# RECORDS FOR THIS TASK:
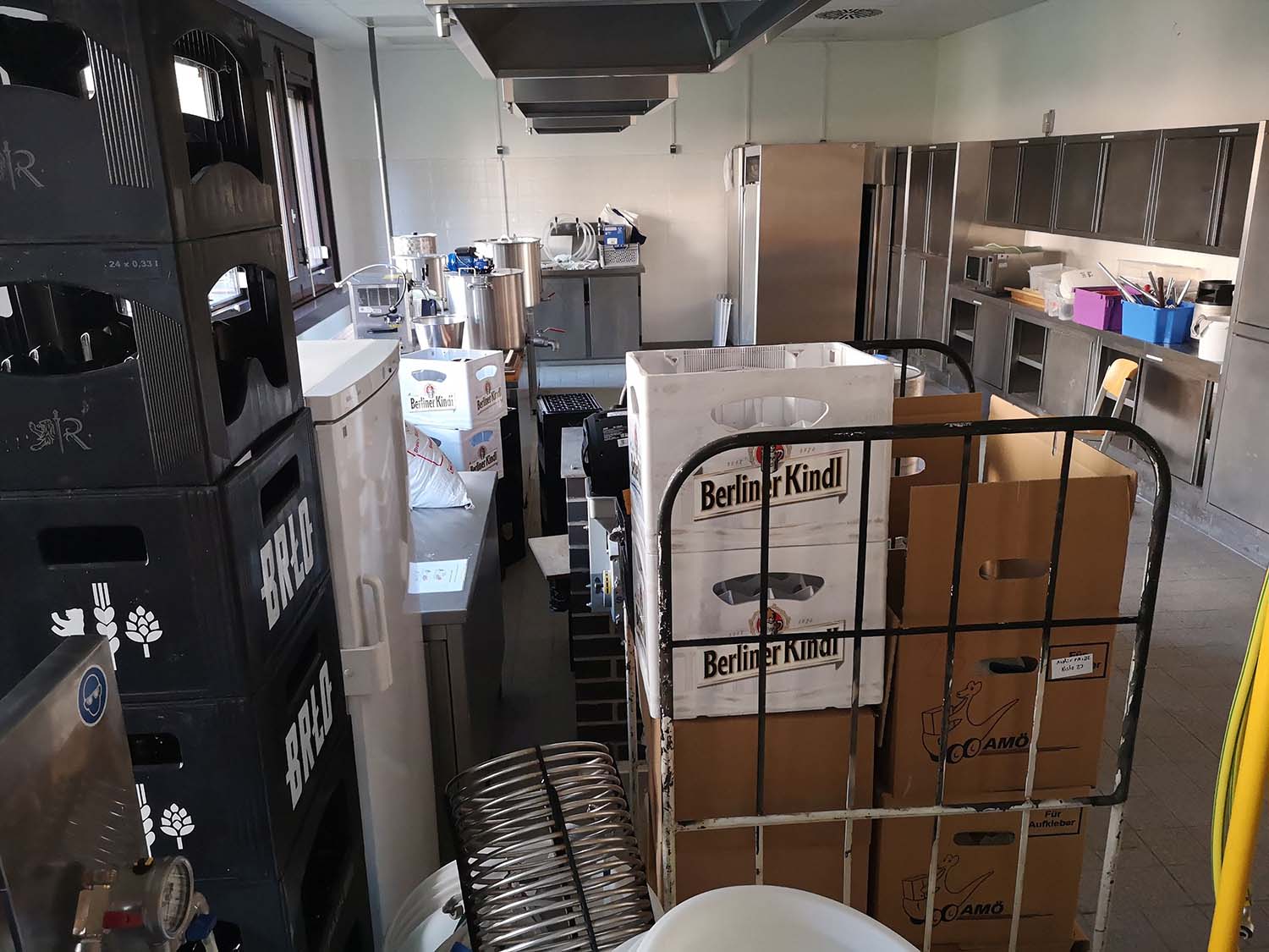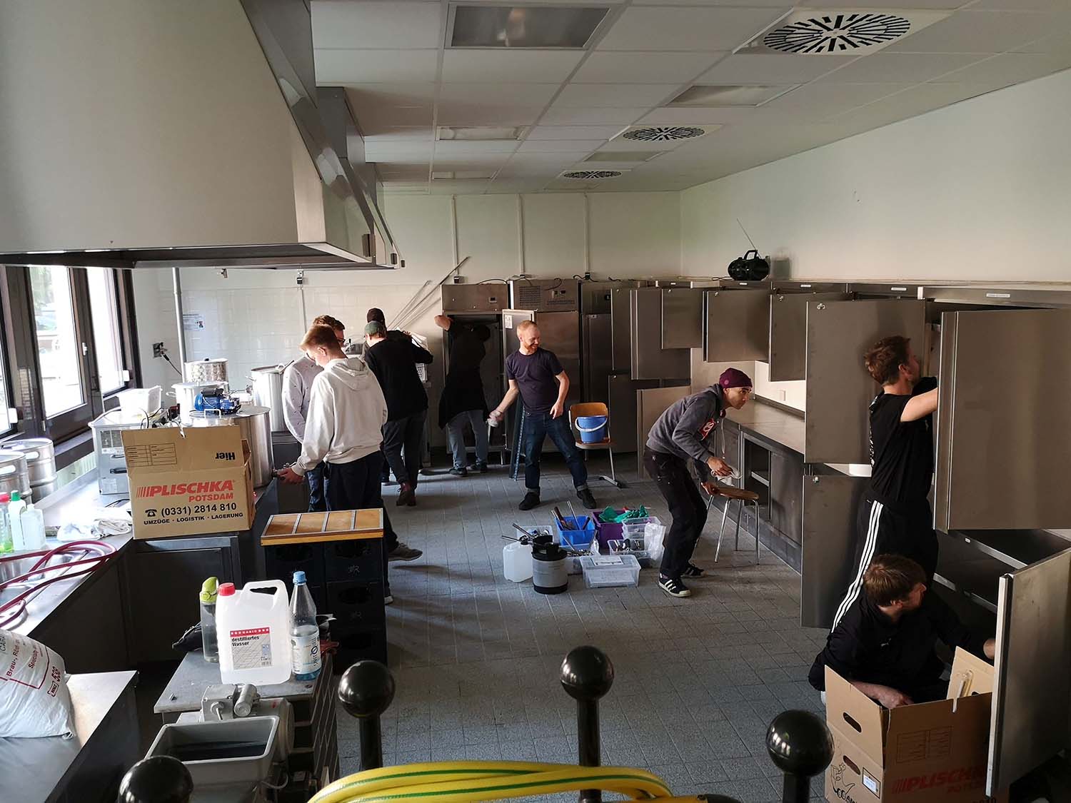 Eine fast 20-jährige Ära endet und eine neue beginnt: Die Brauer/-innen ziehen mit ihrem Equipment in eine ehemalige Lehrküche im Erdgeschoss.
--
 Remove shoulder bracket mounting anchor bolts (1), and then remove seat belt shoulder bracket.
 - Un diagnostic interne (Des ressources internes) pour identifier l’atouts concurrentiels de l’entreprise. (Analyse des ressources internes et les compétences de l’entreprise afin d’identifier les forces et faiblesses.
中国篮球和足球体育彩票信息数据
* * *
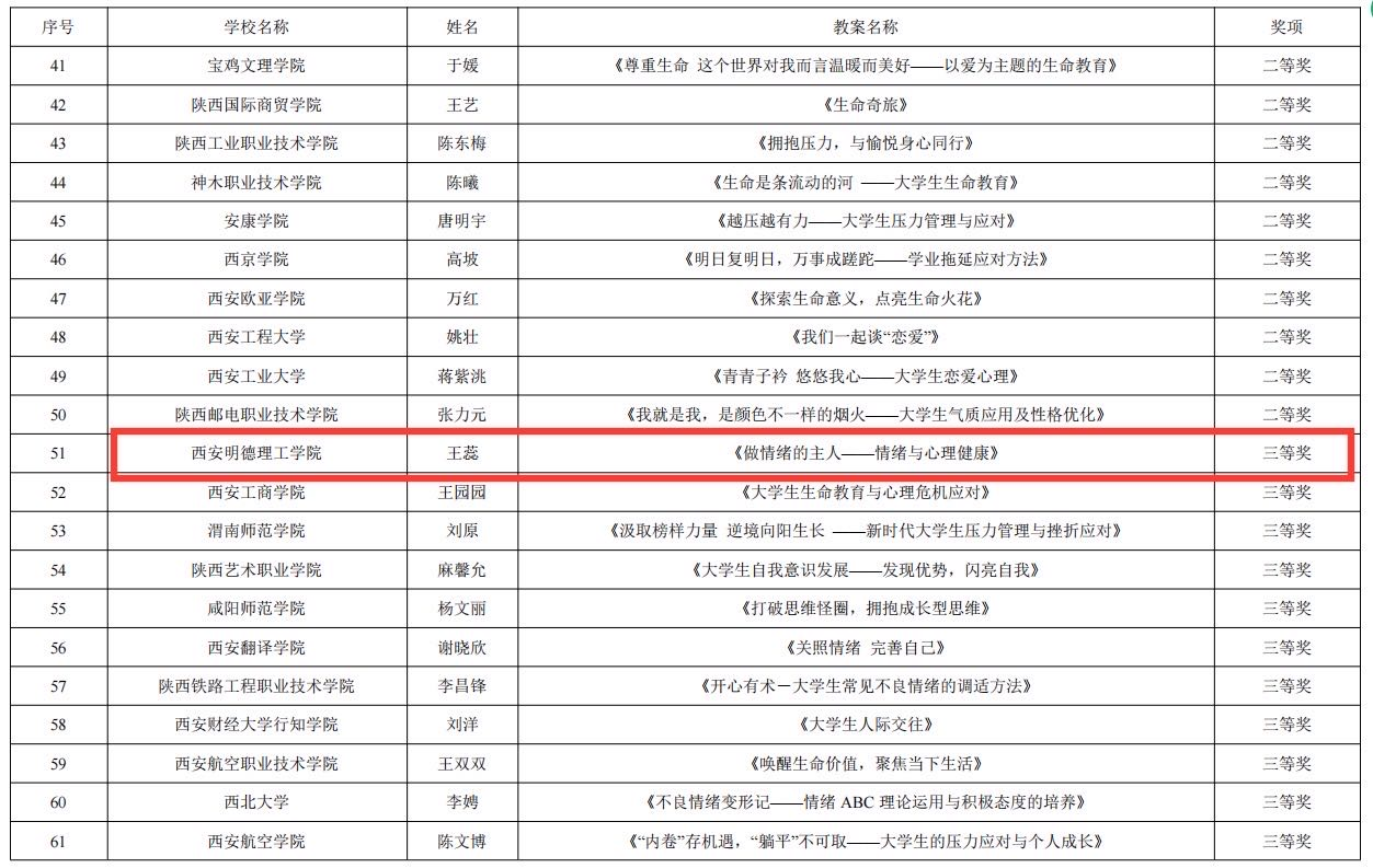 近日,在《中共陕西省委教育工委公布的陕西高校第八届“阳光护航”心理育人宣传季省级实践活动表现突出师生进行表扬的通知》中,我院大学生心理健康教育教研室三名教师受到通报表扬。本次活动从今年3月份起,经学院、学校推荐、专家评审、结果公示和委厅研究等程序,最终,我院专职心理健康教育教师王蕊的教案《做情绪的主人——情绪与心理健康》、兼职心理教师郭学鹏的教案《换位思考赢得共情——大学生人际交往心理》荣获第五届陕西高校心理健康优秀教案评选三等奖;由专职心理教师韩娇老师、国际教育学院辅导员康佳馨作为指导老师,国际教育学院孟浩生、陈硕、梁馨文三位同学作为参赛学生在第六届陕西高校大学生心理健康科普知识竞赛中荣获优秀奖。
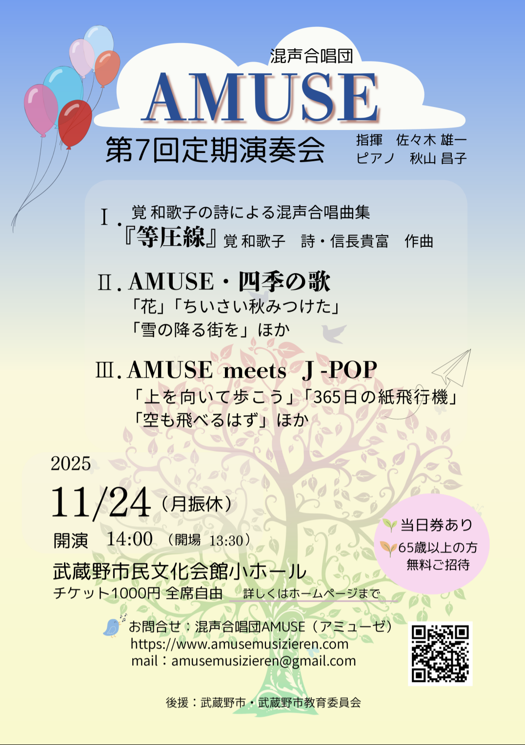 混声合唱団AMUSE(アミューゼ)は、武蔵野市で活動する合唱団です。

# TO DO:
What you return must be the lines above that run from the line with "Remove shoulder bracket" to the line with "中国篮球和足球体育彩票信息数据", inclusive, each copied exactly.

# SOLUTION TO THIS EXERCISE:
 Remove shoulder bracket mounting anchor bolts (1), and then remove seat belt shoulder bracket.
 - Un diagnostic interne (Des ressources internes) pour identifier l’atouts concurrentiels de l’entreprise. (Analyse des ressources internes et les compétences de l’entreprise afin d’identifier les forces et faiblesses.
中国篮球和足球体育彩票信息数据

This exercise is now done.